Ponds and shallow lakes are sensitive to eutrophication, which often increases turbidity and produces toxic algal blooms. Previous research has found that the presence of macrophytes in shallow water bodies can mitigate the effects of nutrient loading by promoting water clarity and inhibiting phytoplankton growth. However, there is still little known about how macrophyte abundance modifies the response of phytoplankton taxonomic assemblages, particularly their functional composition, to nutrient loading.
We investigated how macrophyte abundance altered phytoplankton assemblages using experimental ponds that were treated with a nutrient press. Natural communities of phytoplankton, zooplankton, and fish were seeded in ponds with one of three levels of macrophyte abundance that received weekly nutrient additions.

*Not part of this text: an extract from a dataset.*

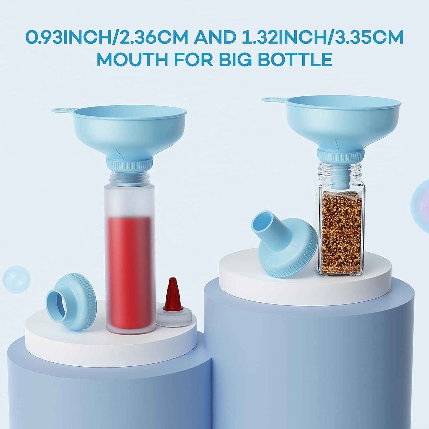 - 5 Sizes Mouth: Wide opening funnel has 5 size spouts. 2'' spout for mason jars; 1.32'' spout for squeeze bottle and pouch; 0.93'' spout for spice jars; 0.67'' spout for oil and sugar bottles; 0.44'' spout for foaming dispensers bottles
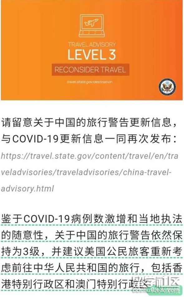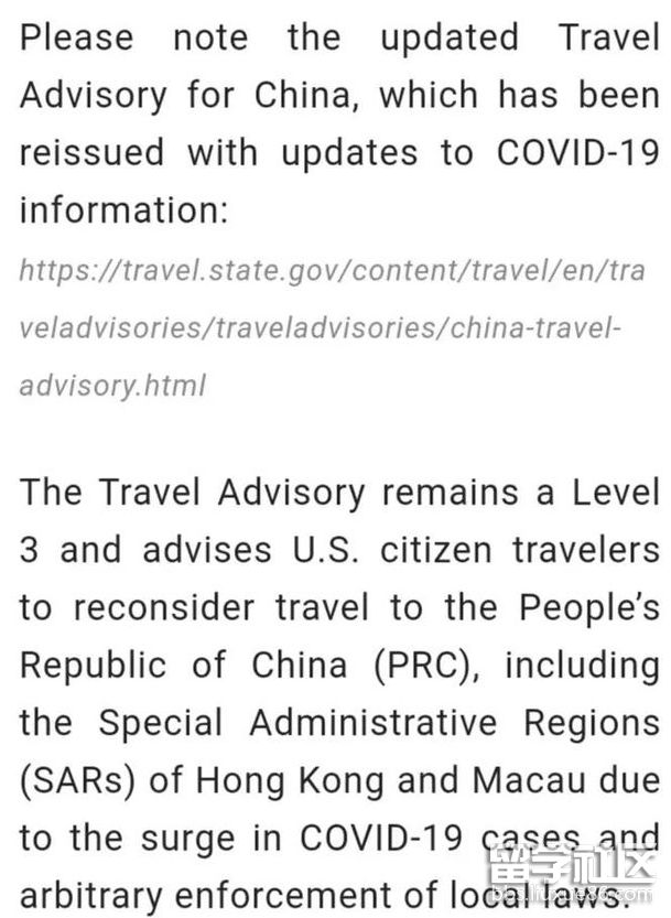 美國(guó)國(guó)務(wù)院近日也重新發(fā)布有關(guān)去中國(guó)的旅行警告和COVID-19更新信息:中國(guó)的旅行警告依然保持為3級(jí),并建議美國(guó)公民旅客重新考慮前往中國(guó)的旅行,包括香港特別行政區(qū)和澳門(mén)特別行政區(qū)。

A total of nine ponds (each treatment in triplicate) were monitored for 76 days.
Analyses of Shannon's diversity and functional dispersion revealed significant variation in phytoplankton assemblage composition among macrophyte treatments and through time. Phytoplankton biovolume, community metrics, and the dominant traits were generally more stable in the high macrophyte treatment ponds.
Although nutrient loading did not induce a regime change to a turbid, phytoplankton‐dominated state, phytoplankton assemblages did shift to a dominance of larger, inedible taxa and metaphyton became more abundant in ponds with macrophytes and zooplankton assemblages shifted to smaller species.
Our study demonstrates how functional traits and functional diversity metrics can provide richer insights into the dynamics and causes of shifts in shallow freshwater ecosystems. Macrophyte densities clearly played a significant role in shaping phytoplankton assemblages. Based on the functional traits of phytoplankton distinguished among treatments, we inferred that competition for light, grazing, and, probably, allelochemicals were mechanisms through which macrophytes mediated changes in phytoplankton assemblages.